Sementara itu, si kecil Luqman, tahun lalu, di usia 7 tahun baru mulai mencoba puasa setengah hari sampai jam 3. Namun Ramadhan tahun ini, di hari pertama shaum, terlihat ia berusaha begitu keras. Setelah pukul 12 siang berdentang, ia masih bertahan, menjelang jam 3 ia minta izin berbuka dengan air tapi puasa lagi setelah itu. Saat maghrib tiba, ia tidak mau berbuka makan duluan kecuali bersama-sama.

Kunci inti yang saya simpulkan dalam menanamkan keinginan untuk berpuasa itu sebenarnya lahir dari integritas orang tua. Ketika orang tua menganggap penting puasa Ramadhan, memuliakan hari-hari di bulan ini maka lambat laun anak-anak akan memperoleh aliran energi untuk melakukan hal yang sama. Seperti sebuah celotehan ringan seorang kawan, "Untuk menjadikan anak-anak menjadi baik itu, gampang. Jadilah orang tua yang berakhlak baik, insya Allah anak-anaknya juga akan baik."

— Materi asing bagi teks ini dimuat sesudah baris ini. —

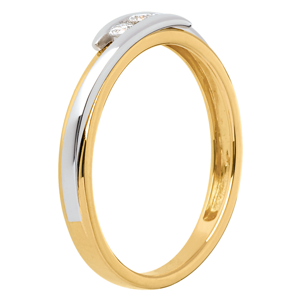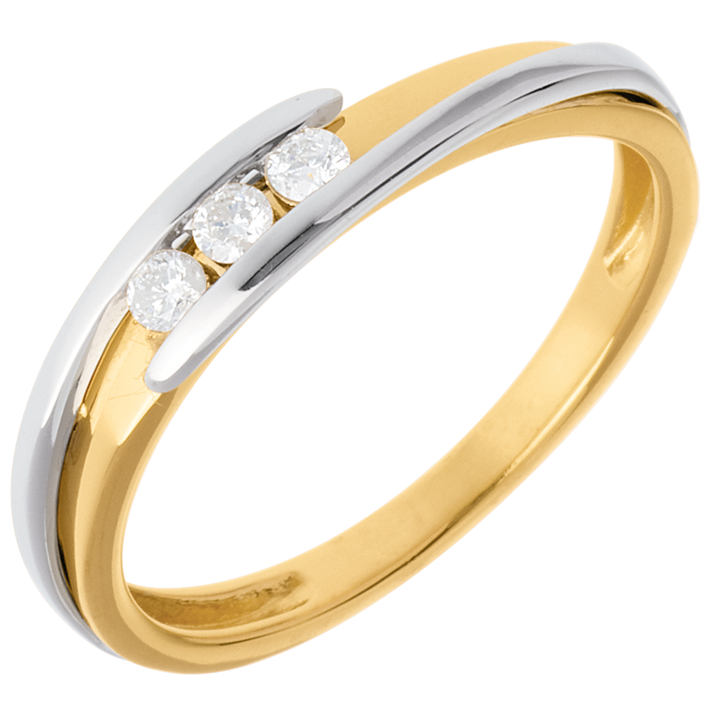 Une monture sobre et classique associée à la force d'un alliage or jaune-or blanc, pour souligner avec délicatesse une trilogie diamants.
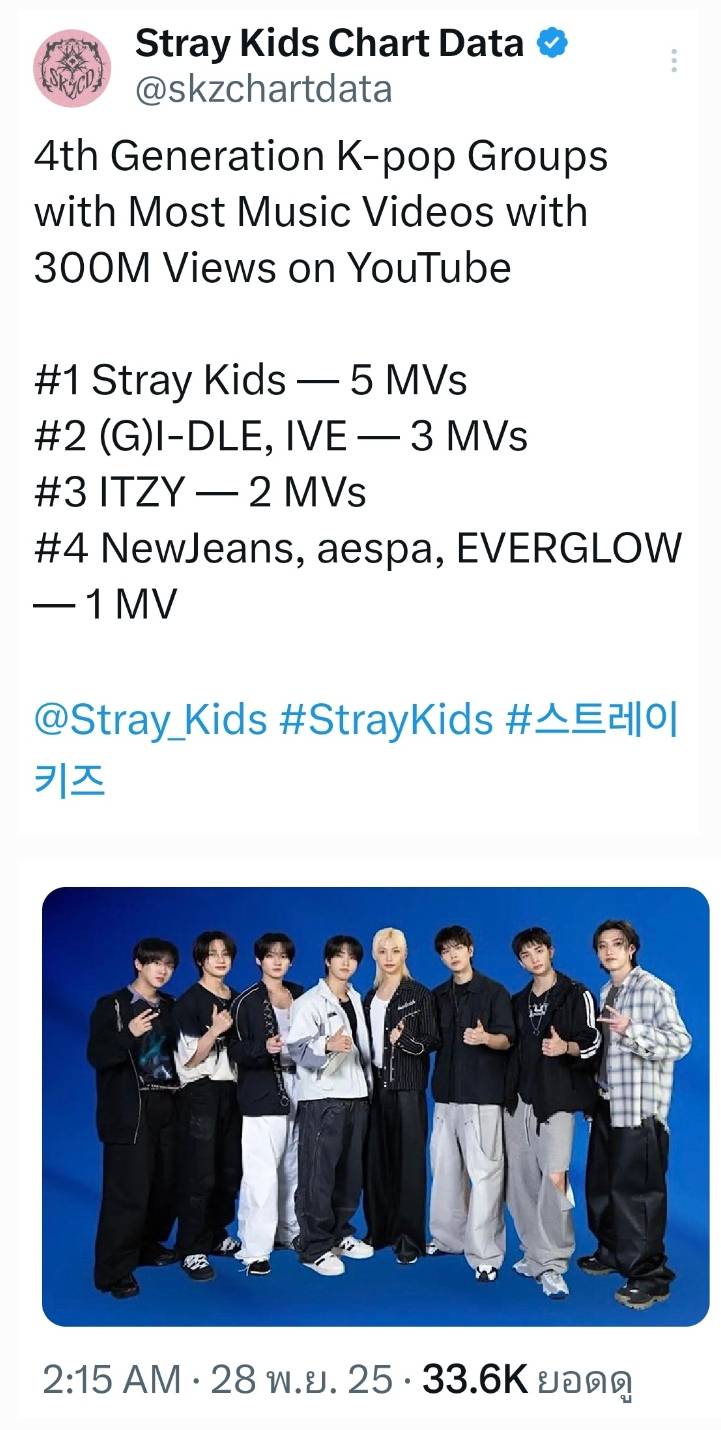 Stray Kids มีมิวสิควิดีโอทั้งหมด 5 เพลงที่มียอดวิวเกิน 300 ล้านครั้ง ดังนี้
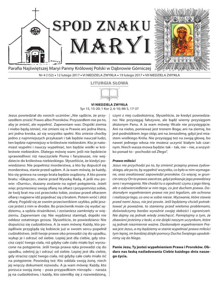 SPOD ZNAKU MARYI Parafia Najświętszej Maryi Panny Królowej Polski w Dąbrowie Górniczej Nr 4 (152) • 12 lutego 2017 • VI NIEDZIELA ZWYKŁA • 19 lutego 2017 • VII NIEDZIELA ZWYKŁA LITURGIA SŁOWA | VI NIEDZIELA ZWYKŁA Syr 15, 15-20; 1 Kor 2, 6-10; Mt 5, 17-37 Jezus powiedział do swoich uczniów: „Nie sądźcie, że przyszedłem znieść Prawo albo Proroków. Przyszedłem nie po to, aby je znieść, ale wypełnić. Zapewniam was: Dopóki ziemia i niebo będą istnieć, nie zmieni się w Prawie ani jedna litera, ani jedna kreska, aż się wszystko spełni. Kto zniesie choćby jedno z najmniejszych przykazań i tak będzie nauczał ludzi, ten będzie najmniejszy w królestwie niebieskim. Kto je natomiast wypełni i nauczy wypełniać, ten będzie wielki w królestwie niebieskim. Dlatego mówię wam: jeśli nie będziecie sprawiedliwsi niż nauczyciele Pisma i faryzeusze, nie wejdziecie do królestwa niebieskiego. Słyszeliście, że kiedyś powiedziano: Nie popełnisz morderstwa, a kto by dopuścił się morderstwa, stanie przed sądem. A Ja wam mówię, że każdy, kto się gniewa na swego brata będzie osądzony. A kto powie bratu: «Głupcze», stanie przed Wysoką Radą. A jeśli mu powie: «Durniu», skazany zostanie na ogień potępienia. Jeżeli więc przyniesiesz swoją ofiarę na ołtarz i przypomnisz sobie, że twój brat ma coś przeciwko tobie, zostaw przed ołtarzem ofiarę i najpierw idź pojednać się z bratem. Potem wróć i złóż ofiarę. Pogódź się ze swoim przeciwnikiem szybko, póki jeszcze jesteś z nim w drodze. Bo przeciwnik może cię wydać sędziemu, a sędzia strażnikowi, i zostaniesz zamknięty w więzieniu. Zapewniam cię: Nie wyjdziesz stamtąd, dopóki nie oddasz ostatniego grosza. Słyszeliście, że powiedziano: Nie dopuścisz się cudzołóstwa. A Ja wam mówię: Każdy, kto pożądliwie przygląda się kobiecie już w swoim sercu popełnił cudzołóstwo. Jeśli twoje prawe oko prowadzi cię do upadku, wyłup je i odrzuć od siebie. Lepiej jest dla ciebie, gdy stracisz część twego ciała, niż gdyby całe ciało miało być wyrzucone na potępienie. Jeśli twoja prawa ręka prowadzi cię do upadku, odetnij ją i odrzuć od siebie. Lepiej jest dla ciebie, gdy stracisz część twego ciała, niż gdyby całe ciało miało iść na potępienie. Powiedzą też: Kto oddala swoją żonę, niech jej wręczy dokument rozwodu. A ja wam mówię: Każdy, kto porzuca swoją żonę – poza przypadkiem nierządu – naraża ją na cudzołóstwo, i każdy, kto ożeniłby się z rozwiedzioną, czyni z niej cudzołożnicę. Słyszeliście, że kiedyś powiedziano: Nie przysięgaj fałszywie, ale bądź wierny przysięgom złożonym Panu. A Ja wam mówię: Wcale nie przysięgajcie. Ani na niebo, ponieważ jest tronem Boga; ani na ziemię, bo jest podnóżkiem Jego stóp; ani na Jerozolimę, gdyż jest miastem wielkiego Króla. Nie przysięgaj też na swoją głowę, bo nawet jednego włosa nie możesz uczynić białym lub czarnym. Niech wasza mowa będzie: tak – tak, nie – nie, a wszystko ponad to - pochodzi od Złego”. Prawo miłości Jezus nie przychodzi po to, by zmienić przepisy prawa żydowskiego, ale po to, by wypełnić wszystko, co było w nim wymagane, oraz zrealizować zapowiedzi proroków. Co więcej, w gruncie rzeczy On to prawo zaostrza, gdyż pokazuje jego prawdziwy sens i wymagania. Nie chodzi tu o zgodność czynu z jego literą, ale o odzwierciedlenie w nim tego, co jest duchem prawa. Doskonałym wypełnieniem prawa nie jest legalizm, ale ochrona i realizacja tego, co ono w sobie niesie. Wyzwanie, które stawia przed nami Jezus, nie jest proste. Jeśli będziemy chcieli potraktować je poważnie, to staniemy przed wieloma problemami, doświadczymy bardzo wyraźnie swojej słabości i ograniczeń. Nie dajmy się jednak wtedy zniechęcić. Pamiętajmy o tym, że zbawieni jesteśmy z łaski, a nie dzięki naszym uczynkom, które są jednak niezmiernie ważne. Doskonałym wypełnieniem Prawa jest Jezus, a my będziemy w stanie wypełniać prawo miłości tym lepiej, im bardziej dzięki pomocy Ducha Świętego upodobnimy się do Niego. Panie Jezu, Ty jesteś wypełnieniem Prawa i Proroków. Obdarz nas łaską naśladowania Ciebie każdego dnia naszego życia. VII NIEDZIELA ZWYKŁA Kpł 19, 1-2. 17-18; 1 Kor 3, 16-23; Mt 5, 38-48 Jezus powiedział do swoich uczniów: „Słyszeliście, że powiedziano: Oko za oko, ząb za ząb. A Ja wam mówię: Nie zwalczajcie zła złem, lecz jeśli cię ktoś uderzy w prawy policzek, nadstaw mu i drugi. A temu, kto chce się z tobą procesować o tunikę, oddaj także płaszcz. Jeśli cię ktoś zmusza, żebyś szedł z nim tysiąc kroków, idź z nim dwa tysiące. Daj temu, kto cię prosi, i nie odmawiaj temu, kto chce od ciebie pożyczyć. Słyszeliście, że powiedziano: Będziesz miłował swego bliźniego, a nieprzyjaciela będziesz nienawidził. A Ja wam mówię: Miłujcie waszych nieprzyjaciół i módlcie się za waszych prześladowców, abyście byli synami waszego Ojca, który jest w niebie. On sprawia, że słońce wschodzi dla złych i dobrych i zsyła deszcz dla sprawiedliwych i niesprawiedliwych. Jeśli bowiem miłujecie tylko tych, którzy was miłują, jakiej zapłaty możecie się spodziewać? Czy i celnicy tego nie czynią? I jeśli pozdrawiacie tylko swoich bliskich, to cóż szczególnego czynicie? Czy i poganie tak nie postępują? Bądźcie więc tak doskonali, jak doskonały jest wasz Ojciec Niebieski”. Stać się synem Bożym Talmud mówi, że dar deszczu jest większy niż dar Tory, gdyż ona została dana jedynie Izraelowi, natomiast deszcz swoim zasięgiem ogarnia wszystkich ludzi. Jeśli zdamy sobie sprawę z tego, jak ważna dla Żydów jest Tora, pierwszych pięć ksiąg Pisma Świętego, to zrozumiemy znaczenie tych słów. W doskonały sposób oddają one wezwanie Jezusa z dzisiejszej Ewangelii do tego, aby miłować wszystkich ludzi. Bóg jest dobry i swoją

Segepok tips hanya diperlukan bagi mereka yang kurang memiliki ikatan emosional dengan anak-anaknya. Percayalah, dengan interaksi yang baik, dengan komunikasi yang baik, yang terjalin antara kita dan anak-anak, nilai-nilai itu tidak perlu dijejalkan, melainkan cukup hanya dicontohkan dan anak-anak akan tergerak untuk menirunya dengan kesadaran sendiri. Adapun pemahaman mereka tentang hakikat amalan yang mereka tiru adalah fase berikutnya, sebagai sebuah perjalanan spiritual mereka sendiri.

Saya tidak membuat form isian untuk melatihkan disiplin Ramadhan. Saya ganti form riyadhah dan semacamnya dengan cukup melatihkan sedikit (1-2) kebiasaan baru yang bisa mereka jangkau secara konsisten. Sederet aktivitas yang terlalu penuh bisa jadi malah tidak sanggup mereka jalani. Akibatnya, mereka tidak memiliki kesan yang baik dengan Ramadhan.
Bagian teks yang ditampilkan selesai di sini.